Recorded data
########

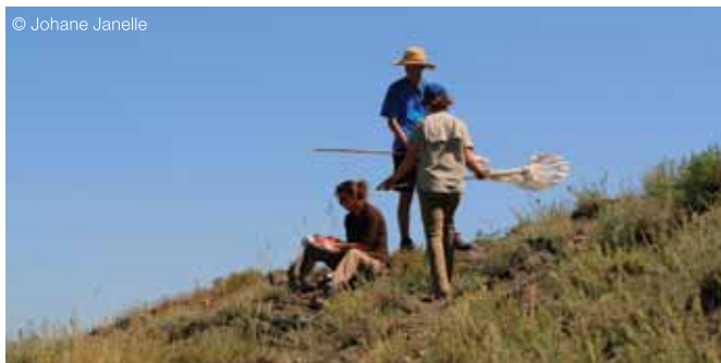
Volunteers in action
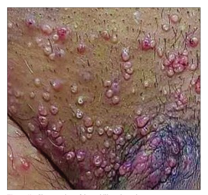
Figure 1b: Close-up view of the umbilicated papules
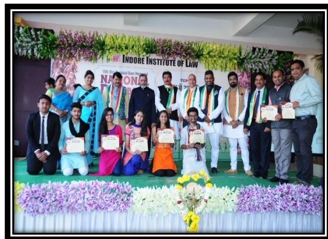
Participants & Winners with Guests at National Debate Competition
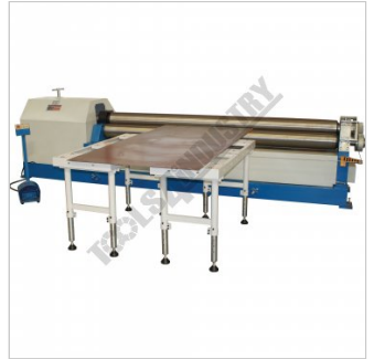
Shown with Optional Ball Transfer Tables
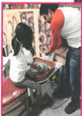
Children's Pottery Class
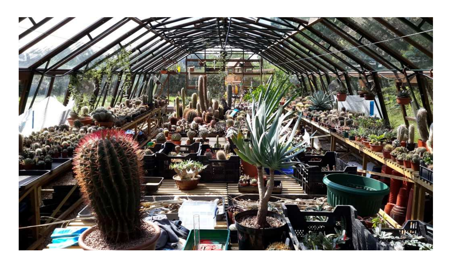
Page 9 of 10
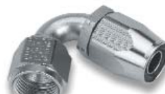
120° (unanodized) UP3120__ERL
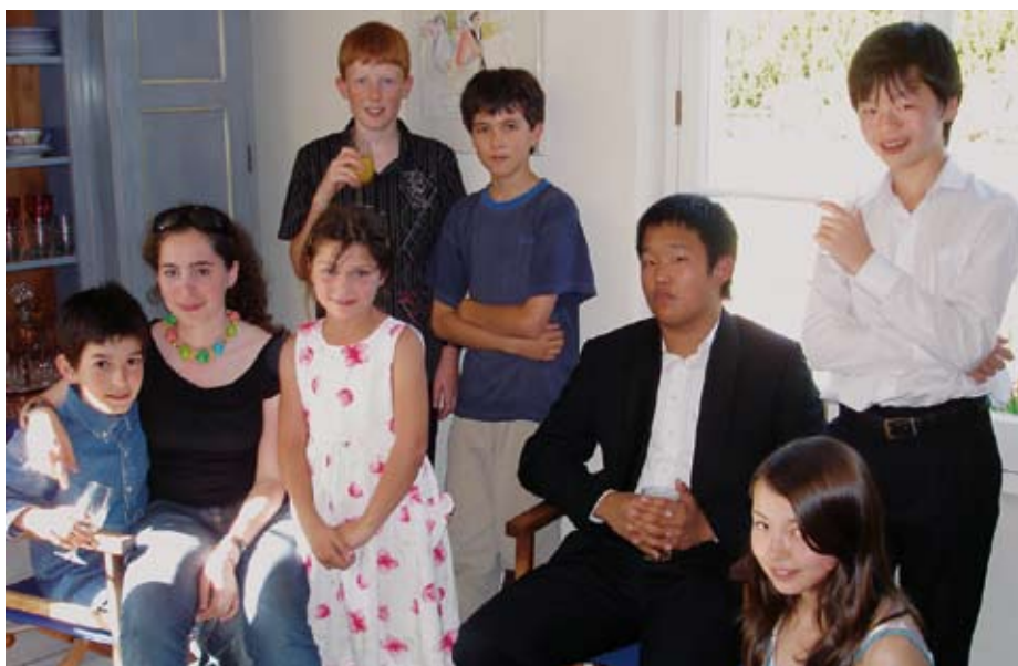
Junior Academy performers
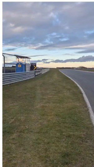
Sign on inside of Turn 3
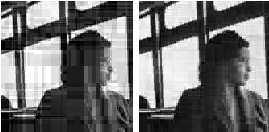
Figure 5: 10:1 compressions of the Rosa Parks image

Now we consider more realistic, larger image matrices, such as the one in Figure 2(a). Let's take \epsilon = 200 . We process the entire 128 \times 128 matrix, which involves 7 rounds of row averaging and differencing followed by 7 rounds of column averaging and differencing, and then set to zero all entries which do not exceed 200 in absolute value. Finally we apply the inverse wavelet transform. We obtain the rather poor compressed image shown in Figure 5(a), and a compression ratio of 10:1.
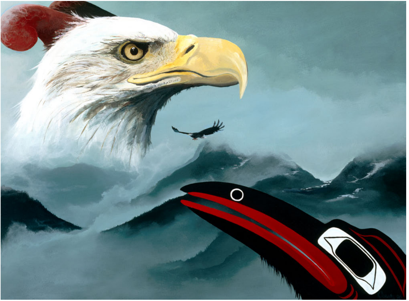
How death came into the world

To this day one can still hear at times the usual defiant cries of Raven turn into haunting, keening mews as he grieves for his lost son.
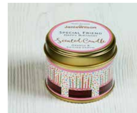
UNCM09 ORANGE & SICILIAN LEMON
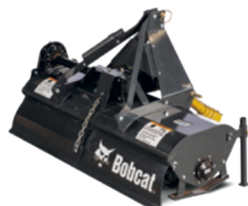
3 pt. tiller
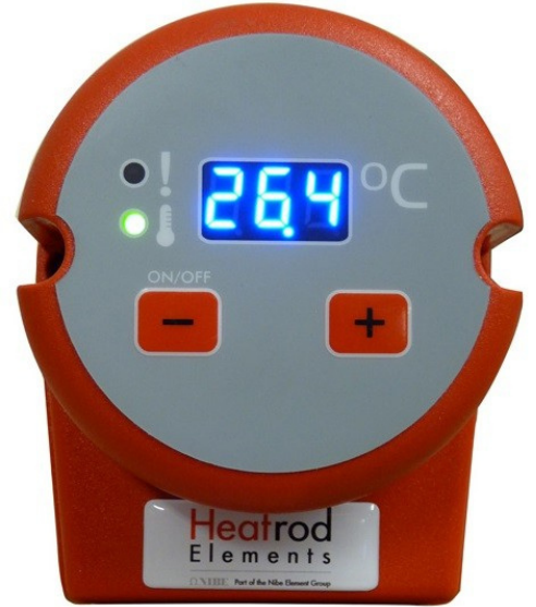
HRD Digital Immersion Heater

The HRD range is designed to be heavy duty with flexibility in mind, for easy installation into multiple industrial liquid heating applications. The terminal box is proven for ease of wiring and flexible for access in all types of locations. The digital controller can be programmed and wired for both single or three phase operation. Along with the standard Incoloy sheath, we also manufacture using different levels of element sheath protection depending on the environment which the heater is being installed into.
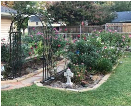
Class 16 Photography Rose Garden View Joe Plunkett
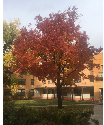
Autumn foliage in courtyard of Hokona-Zuni Hall at UNM

A PDF version of this weekly brief is available on the Academic Affairs website . Your feedback and input are welcome at provost@unm.edu .

########

- Required action -
Note each line above that contains "this" and copy it out.

- Exercise output -
To this day one can still hear at times the usual defiant cries of Raven turn into haunting, keening mews as he grieves for his lost son.
A PDF version of this weekly brief is available on the Academic Affairs website . Your feedback and input are welcome at provost@unm.edu .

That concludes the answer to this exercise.